▸ Excerpted data:
______

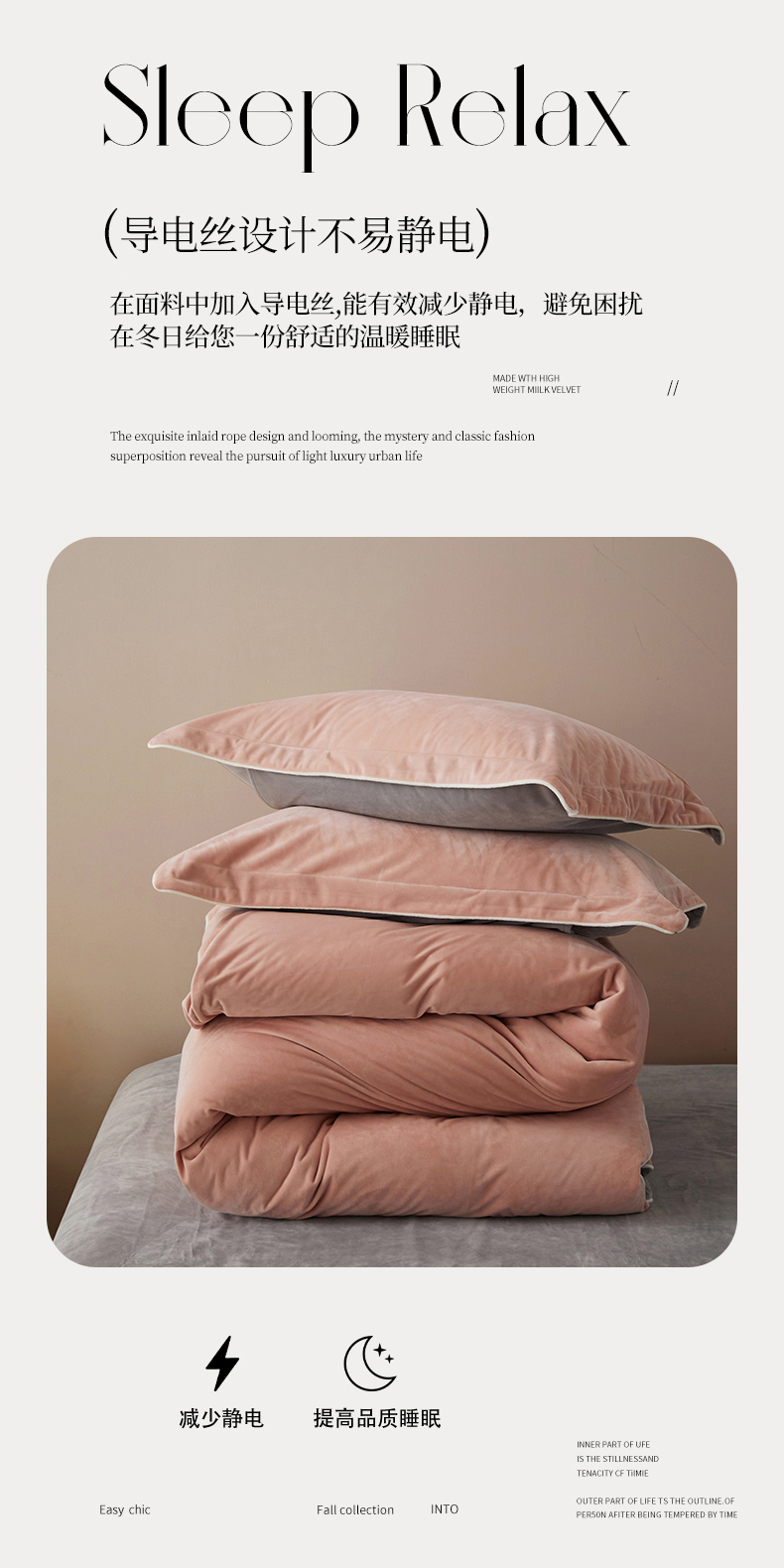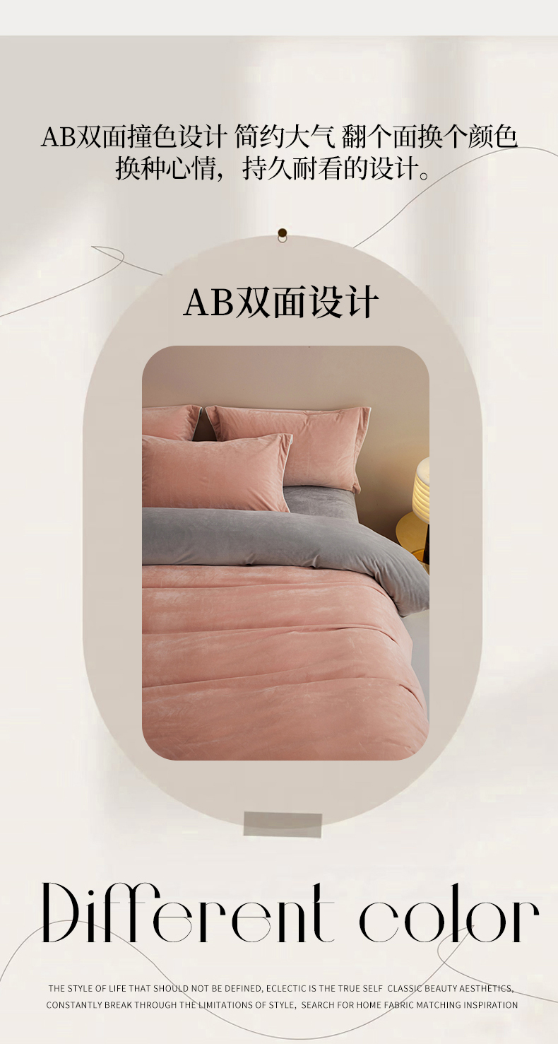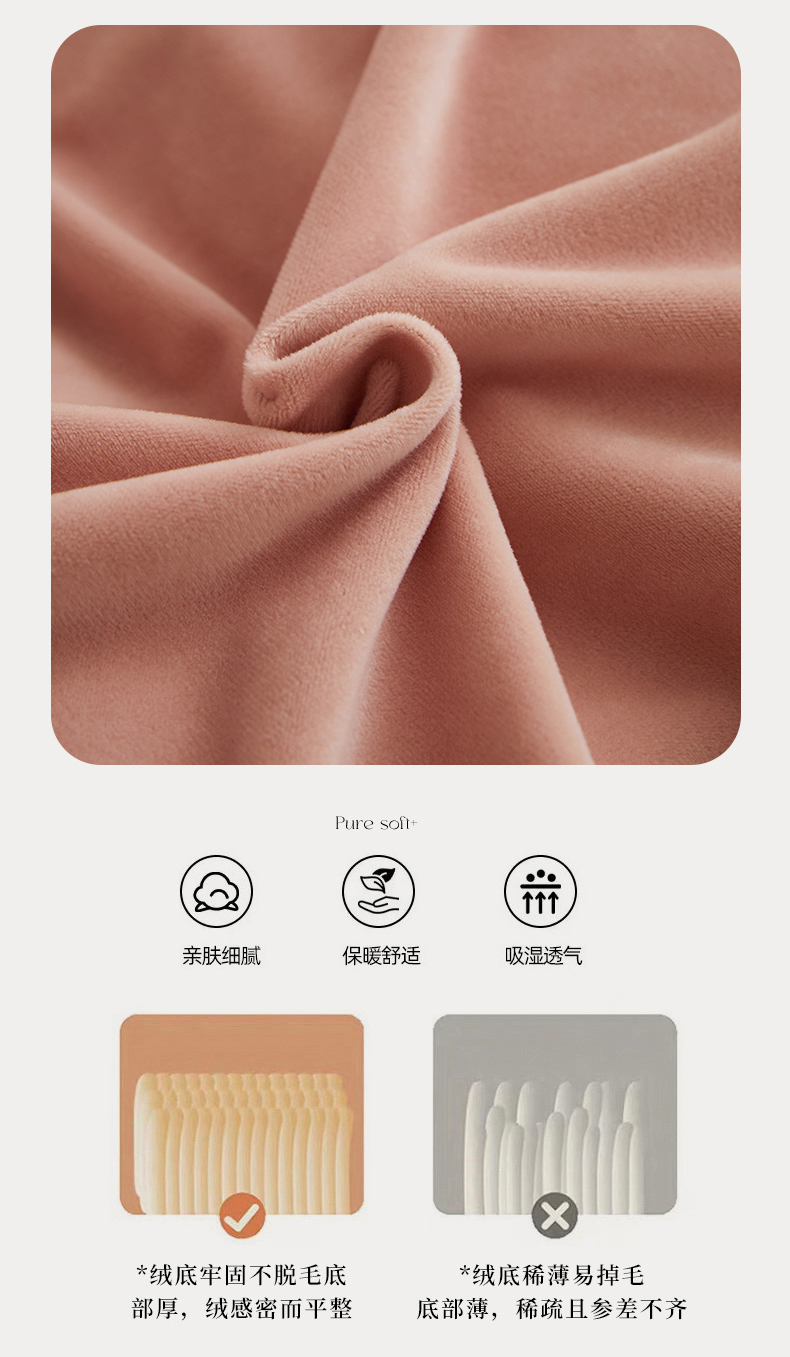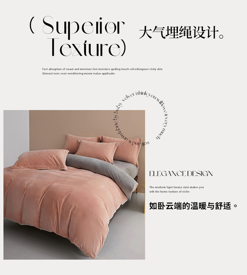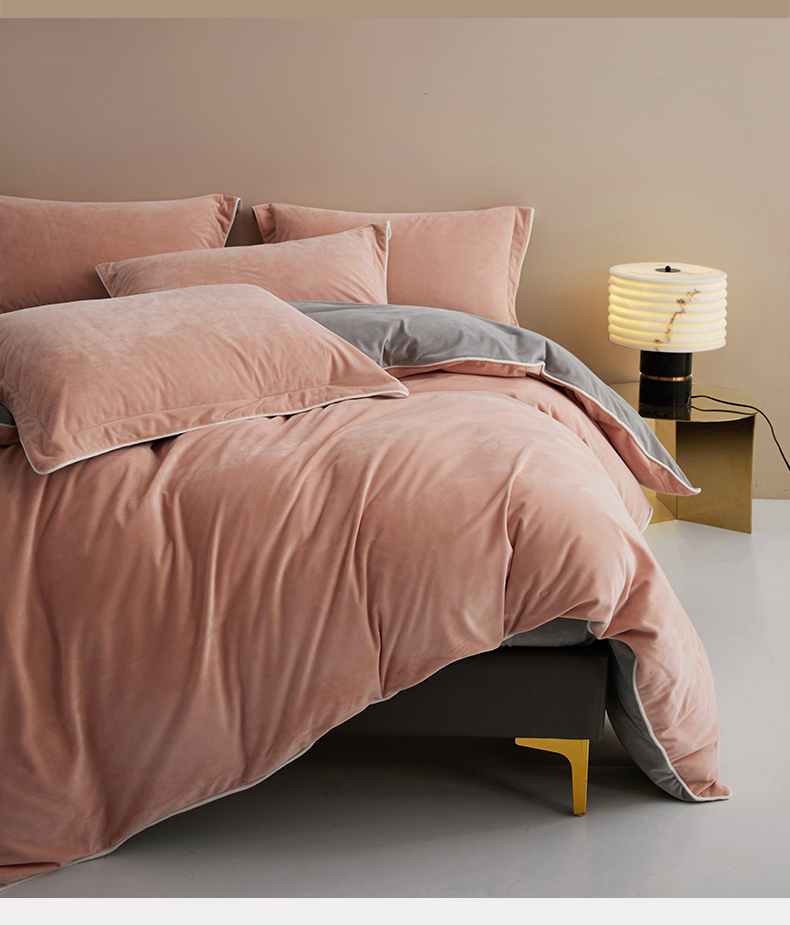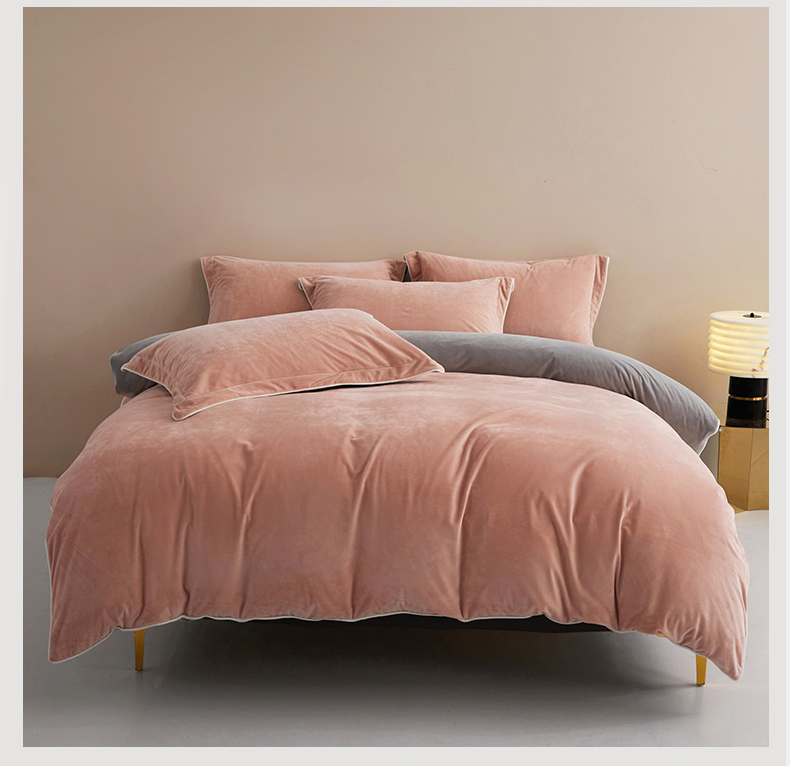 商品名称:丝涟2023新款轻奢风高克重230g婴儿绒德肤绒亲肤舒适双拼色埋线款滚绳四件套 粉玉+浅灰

______

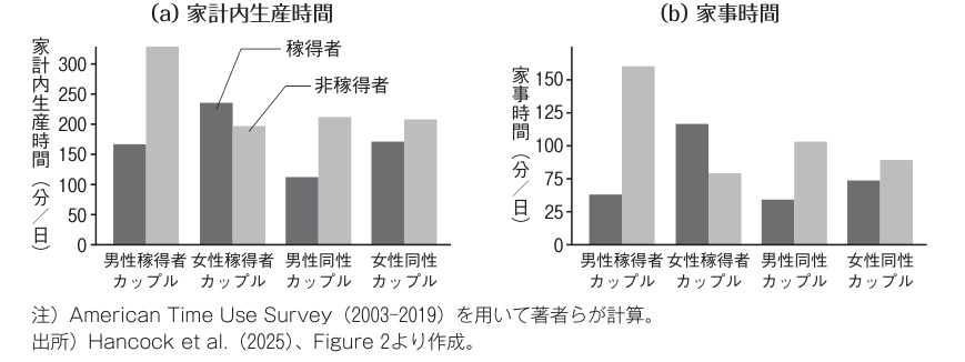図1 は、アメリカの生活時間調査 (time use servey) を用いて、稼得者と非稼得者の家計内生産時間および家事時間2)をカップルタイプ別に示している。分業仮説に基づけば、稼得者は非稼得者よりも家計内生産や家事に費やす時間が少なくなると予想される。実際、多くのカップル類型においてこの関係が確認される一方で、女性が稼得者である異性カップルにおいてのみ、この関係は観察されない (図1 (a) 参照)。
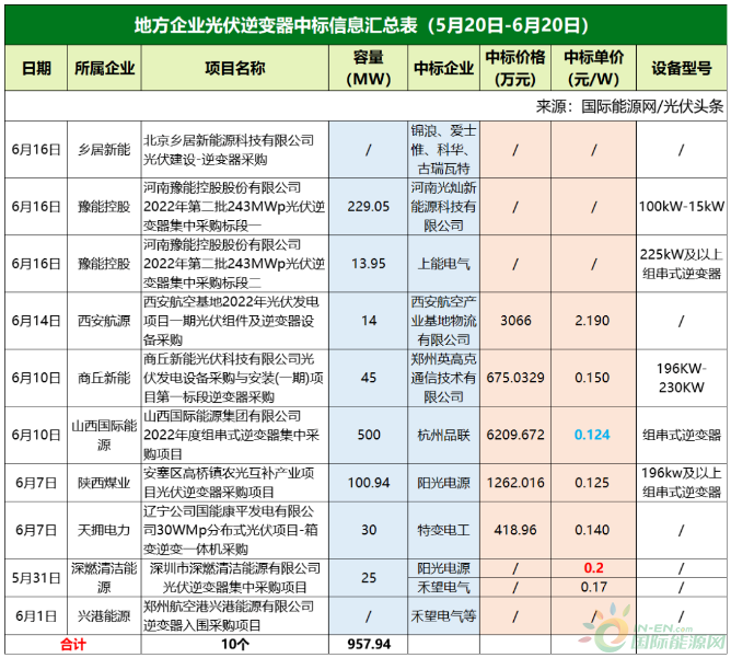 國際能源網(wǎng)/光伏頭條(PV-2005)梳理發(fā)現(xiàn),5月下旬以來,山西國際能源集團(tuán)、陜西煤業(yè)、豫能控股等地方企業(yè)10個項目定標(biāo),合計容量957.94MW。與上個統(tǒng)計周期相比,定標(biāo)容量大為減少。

______

▸ Work instruction:
Taking the entries above, extract every line from the one bearing "図1 は、アメリカの生活時間調査 (time" through the one bearing "國際能源網(wǎng)/光伏", exactly, with no pictures.

▸ Answer section:
図1 は、アメリカの生活時間調査 (time use servey) を用いて、稼得者と非稼得者の家計内生産時間および家事時間2)をカップルタイプ別に示している。分業仮説に基づけば、稼得者は非稼得者よりも家計内生産や家事に費やす時間が少なくなると予想される。実際、多くのカップル類型においてこの関係が確認される一方で、女性が稼得者である異性カップルにおいてのみ、この関係は観察されない (図1 (a) 参照)。
 國際能源網(wǎng)/光伏頭條(PV-2005)梳理發(fā)現(xiàn),5月下旬以來,山西國際能源集團(tuán)、陜西煤業(yè)、豫能控股等地方企業(yè)10個項目定標(biāo),合計容量957.94MW。與上個統(tǒng)計周期相比,定標(biāo)容量大為減少。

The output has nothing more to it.